**What the task asks:**
What is needed here is an exact repetition of the records below, beginning at the line that has "Протокол матча Норвич" and stopping after the line that has "暗証番号 収納ケース |".

**Dataset extract:**
^^^^
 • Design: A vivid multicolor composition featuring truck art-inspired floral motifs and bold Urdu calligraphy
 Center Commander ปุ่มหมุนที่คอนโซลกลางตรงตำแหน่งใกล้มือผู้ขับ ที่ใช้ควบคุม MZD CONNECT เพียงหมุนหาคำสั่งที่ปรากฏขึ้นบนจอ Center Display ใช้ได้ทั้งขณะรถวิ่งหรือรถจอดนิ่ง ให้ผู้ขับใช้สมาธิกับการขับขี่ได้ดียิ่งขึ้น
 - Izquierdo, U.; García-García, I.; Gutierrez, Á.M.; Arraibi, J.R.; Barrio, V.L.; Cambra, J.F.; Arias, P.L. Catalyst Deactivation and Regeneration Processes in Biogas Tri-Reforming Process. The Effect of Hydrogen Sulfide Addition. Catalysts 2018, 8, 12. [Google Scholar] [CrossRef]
^^^^
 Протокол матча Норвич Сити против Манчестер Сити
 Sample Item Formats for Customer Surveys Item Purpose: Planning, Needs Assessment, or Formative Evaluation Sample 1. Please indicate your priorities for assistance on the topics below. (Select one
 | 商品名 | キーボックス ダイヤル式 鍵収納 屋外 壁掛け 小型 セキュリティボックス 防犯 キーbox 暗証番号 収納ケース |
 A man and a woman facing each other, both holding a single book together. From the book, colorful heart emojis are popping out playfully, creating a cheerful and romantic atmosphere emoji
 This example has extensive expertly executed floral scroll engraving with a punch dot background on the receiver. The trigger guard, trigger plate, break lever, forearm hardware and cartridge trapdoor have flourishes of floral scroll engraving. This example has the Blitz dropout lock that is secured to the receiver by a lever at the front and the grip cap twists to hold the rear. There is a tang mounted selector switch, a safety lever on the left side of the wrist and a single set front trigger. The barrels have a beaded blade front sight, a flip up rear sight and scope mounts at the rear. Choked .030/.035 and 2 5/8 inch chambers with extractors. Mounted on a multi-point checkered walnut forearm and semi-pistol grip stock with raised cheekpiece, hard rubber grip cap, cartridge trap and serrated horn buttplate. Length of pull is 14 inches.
^^^^
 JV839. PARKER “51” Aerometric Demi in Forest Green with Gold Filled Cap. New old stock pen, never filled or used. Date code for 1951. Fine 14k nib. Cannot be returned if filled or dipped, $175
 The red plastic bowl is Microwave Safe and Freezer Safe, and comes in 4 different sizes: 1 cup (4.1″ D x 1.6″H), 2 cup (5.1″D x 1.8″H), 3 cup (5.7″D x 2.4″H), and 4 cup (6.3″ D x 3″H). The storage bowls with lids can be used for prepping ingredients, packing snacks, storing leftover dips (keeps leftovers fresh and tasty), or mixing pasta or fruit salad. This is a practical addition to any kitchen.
^^^^
**Task output:**
 Протокол матча Норвич Сити против Манчестер Сити
 Sample Item Formats for Customer Surveys Item Purpose: Planning, Needs Assessment, or Formative Evaluation Sample 1. Please indicate your priorities for assistance on the topics below. (Select one
 | 商品名 | キーボックス ダイヤル式 鍵収納 屋外 壁掛け 小型 セキュリティボックス 防犯 キーbox 暗証番号 収納ケース |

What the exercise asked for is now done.